What’s Up With the Epigraph?

Epigraphs are like little appetizers to the great entrée of a story. They illuminate important aspects of the story, and they get us headed in the right direction.

Epigraph 1: Rumi

Ahmed opens her work with a reference to the sound of the reed pipe that she remembers from her early childhood days at Ain Shams. It has a mournful sound to it, as though the instrument yearns for a return to the soil from which it grew. The image of the reed pipe becomes a powerful metaphor for the process of remembering: it's a difficult process, often full of sorrow and yearning to get back to the beginning.

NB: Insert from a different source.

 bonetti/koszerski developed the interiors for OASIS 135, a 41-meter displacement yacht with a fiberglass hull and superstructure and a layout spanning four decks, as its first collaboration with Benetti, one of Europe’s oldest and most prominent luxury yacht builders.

But Rumi's poem tells us something else: if you're going to listen to the song of the reed pipe—really listen to that sorrow and yearning—you're going to have to be willing to dedicate yourself to it. Ahmed's pursuit of memory and meaning requires her to look at her past and the people in it with a careful, untainted eye.

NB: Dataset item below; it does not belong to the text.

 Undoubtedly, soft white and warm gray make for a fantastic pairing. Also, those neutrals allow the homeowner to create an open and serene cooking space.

That's a tall order because things past shape who we are in the present. It's hard to see the past without all the baggage that we bring from our experience and education.

Epigraph 2: From Meiling Jin's Strangers in a Hostile Landscape

Meiling Jin speaks of the effects of colonialism on local populations. She highlights some of the more insidious practices of imperial powers: seizing land and leasing it back; allowing local people to produce raw materials but not to develop industry; offering a sham independence from one kind of oppressive rule only to bring on another.

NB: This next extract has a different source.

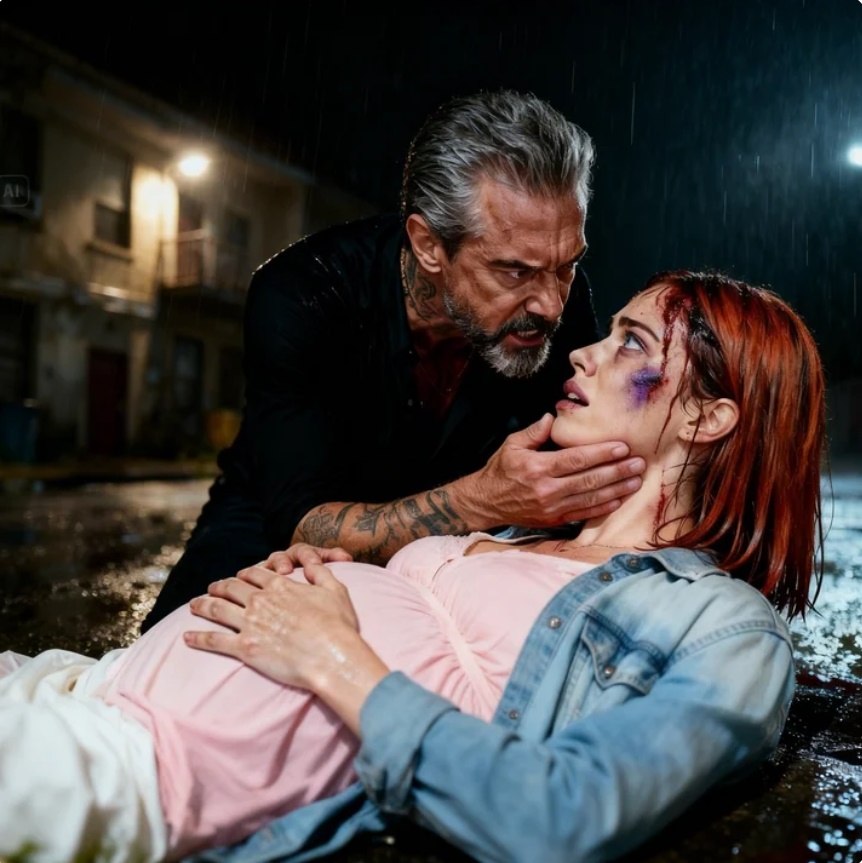 Rain hammered against the cracked windshield as Maya pressed one trembling hand to her swollen belly, the other

She also mentions a popular path for people living under such conditions: going into exile, looking for stability in a foreign and most likely hostile land. Life as an immigrant might provide some relief from colonial injustice—at least on the surface—but it also opens up a lifetime of harassment and blame.

For Meiling Jin, there is one remedy: flying below the radar. The problem implicit in that? When you're invisible, you don't always count.